Aggregate/Soils Base Testing Technician. Offered through the American Concrete Institute, this certification program is available nationwide. The certification requires prior experience and knowledge of performing, recording, and analyzing soil/aggregate samples in the field and in the laboratory. The certification program reviews AASHTO/ASTM standards to prepare you for both the written and performance exams.
Construction Materials Testing Soils Certification. The NICET certification program prepares technicians for working in the field and in the lab with materials collected from construction sites. The program has four levels, beginning with the basics in Level I of sampling standards, how to collect samples, how to test and identify samples, and safety procedures on a construction site and moving up to level IV, which prepares candidates to work in managing roles.
Certified Professional Soil Scientist. The Soil Science Society of America offers this certification program, which requires a Bachelor’s degree, with five years post-degree experience, 15 soil-specific credit hours, and 45 credit hours of supporting classes. The program both adds credibility to your portfolio as well as helps you better serve your clients.

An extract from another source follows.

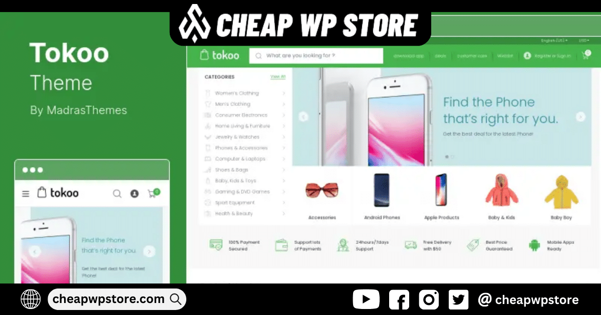 Looking for a powerful,reliable,and cost-effective way to take your website to the next level? Look no further than Tokoo - Electronics Store WooCommerce Theme - for Affiliates,Dropship and Multi-vendor Websites,the ultimate solution for anyone looking to boost their online presence and drive more traffic to their site.nnWith Tokoo - Electronics Store WooCommerce Theme - for Affiliates,Dropship and Multi-vendor Websites,you'll get access to a wide range of powerful features and tools designed to help you optimize your site for maximum visibility and search engine rankings. Whether you're looking to increase your site's speed and performance,enhance your site's design and functionality,or simply improve your site's overall user experience,Tokoo - Electronics Store WooCommerce Theme - for Affiliates,Dropship and Multi-vendor Websites has everything you need to succeed.nnAnd best of all,when you subscribe to our Membership Plans,you'll get access to Tokoo - Electronics Store WooCommerce Theme - for Affiliates,Dropship and Multi-vendor Websites and over 1500+ other products for FREE! That's right,for one low weekly/monthly/annually/lifetime price,you'll get unlimited access to all of our plugins and themes without serial codes,including all future releases. Plus,you'll enjoy unlimited domain usage and regular updates as soon as they become available - usually on a daily basis!nnSo why wait? Join the club today and start enjoying all the benefits of our powerful Membership Plans. With Tokoo - Electronics Store WooCommerce Theme - for Affiliates,Dropship and Multi-vendor Websites and our other amazing products,you'll have everything you need to take your website to the next level and achieve online success. But don't just take our word for it - read our Terms & Conditions and FAQ before purchase and see for yourself why so many website owners trust us for all their needs!

The path to becoming a soil technician starts with earning an associate degree, preferably with courses in ecology, biology, chemistry, and global environmental issues. Advancements in supervisory and managerial positions are higher for those who complete at least a bachelor’s degree program. Faculty and leading research positions may require the completion of a master’s or doctoral degree program. Employers often prefer candidates with Environmental Professional certification.

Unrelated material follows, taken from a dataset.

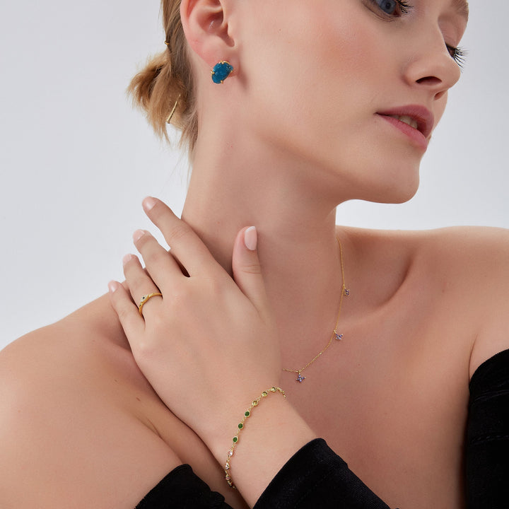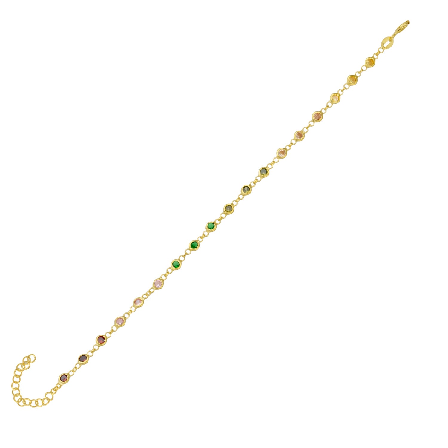 Colourful Rainbow Jewelled Sterling Silver Chain Bracelet

US, Bureau of Labor Statistics’ job outlook
SOC Code: 19-4043
Projected Employment in 2030
Projected 2020-2030 Percentage Shift
Projected 2020-2030 Numeric Shift
Soil technicians will be expected to make valuable recommendations on how to balance growing environmental concerns with the ever-increasing demands of population growth. The need for energy, environmental protection, and responsible land and resource management should spur demand for this position.
Sample interview questions
What qualities should a soil technician have?
Where do you see your career heading in the next five years?
What makes you believe you will make a good soil technician?
What was the most difficult project you’ve worked on? How did you work through the challenges that occurred throughout the project?
How do you communicate the technical aspects of a project with someone who doesn’t have a technical background?
Tell me about a time you analyzed data from soil samples and used your knowledge to make the best recommendations.
Tell me about a time you made a mistake. How did you correct your error?
How do you manage your time when working on a project?
Describe an experience where you used new technology in the field to improve a project.
Explain your process for double-checking your work to avoid mistakes.
Describe a time you provided support in planning a project to make sure environmental regulations and policies were followed.